Titanium is represented as Ti in the periodic table with atomic number 22 and atomic weight 47.9. The commercial usage of titanium is started from the 1950s. At that time, titanium grade has its strategic importance due to its low weight, structural, and lightweight. Increase in metal demand, improved manufacturing practices, and trending machines, production capability and availability of markets dramatically lowered the price of titanium grade products.
Nowadays, titanium grade is commonly and readily available engineered alloy that competes with other conventional alloys and other composites. It is the 9th abundant element found on earth crust and 4th structural metal currently come to use in various engineering sectors.
Why select titanium grade alloys?
Titanium grade exhibits a unique amalgamation of physical and mechanical properties. It has outstanding corrosion resistance which has made them desirable for critical and demanding applications such as aerospace, chemical, industrial and energy processing industries. The primary attributes of these alloys are elevated strength to density ratio. It has high structural efficiency. It has a low density. It has excellent elevated temperature properties up to 600 degree C. The density ratio represents the conventional primary factor for selection and design for aerospace components and equipment.

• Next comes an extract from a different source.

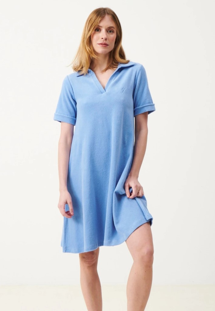 Lyseblå Martine frottèkjole med krave og korte ermer

Titanium Grade 1 Pipes are available in all sizes.
It has exceptional corrosion and abrasion resistance properties provide the prime motivation for chemical processing industries. Titanium reveals outstanding structural efficiency, especially when the temperature is increased. Grade offers excellent elevated temperature properties for hot gas turbine and high thermal applications, where creep resistance alloys are selected for operating in temperature up to 1100 degree F.

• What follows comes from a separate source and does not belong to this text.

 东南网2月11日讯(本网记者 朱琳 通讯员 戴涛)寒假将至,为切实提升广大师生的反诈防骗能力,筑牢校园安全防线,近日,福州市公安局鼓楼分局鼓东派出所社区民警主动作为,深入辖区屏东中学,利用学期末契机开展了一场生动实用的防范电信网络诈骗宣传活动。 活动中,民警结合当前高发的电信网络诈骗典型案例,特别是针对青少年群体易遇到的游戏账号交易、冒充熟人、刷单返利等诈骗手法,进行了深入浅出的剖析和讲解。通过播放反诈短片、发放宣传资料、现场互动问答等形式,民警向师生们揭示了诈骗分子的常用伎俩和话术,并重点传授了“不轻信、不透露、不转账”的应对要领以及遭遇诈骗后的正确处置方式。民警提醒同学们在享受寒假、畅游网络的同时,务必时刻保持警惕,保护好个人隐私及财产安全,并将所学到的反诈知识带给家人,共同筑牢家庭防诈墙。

The family of titanium grade offers a wide spectrum of strength with combination tensile strength and fracture toughness. This grade permits optimization which can be tailored for critical component design. It is controlled by fatigue strength and toughness and crack growth while in an application. With excellent fatigue strength and life in moist air, it is unaffected by marine water and other reducing environments. These alloys can be processed to provide high fracture toughness with nominal environmental erosion. In fact, the lower strength version alloys are generally resistance to stress corrosion cracking (SSC) and corrosion fatigue in wet chloride media.
For critically pressurize components and vessel for heating industrial applications, titanium grade qualified under numerous devise codes. It exhibits exceptional resistance to the vast range of chemical environments. It forms a thin invisible but dense protective surface oxide film. This film is called tio2 that is highly tenacious, chemically stable and adherent and instantly reheals itself in case of mechanical damages if the small traces of oxygen and moisture present on surroundings. This grade extends protection from mildly reducing to severely oxidizing environments. Also, from concentric acidic to least alkaline environments even at elevated temperatures.
Titanium grade is especially known for its improved resistance to general attacks and stress corrosion in environments containing chlorides, halides, and other wet halogens. It is also recognized for its superior resistance to cavitations and impingement inflow of turbulent fluids. These have great weldability too.
This is all basic details about titanium grade.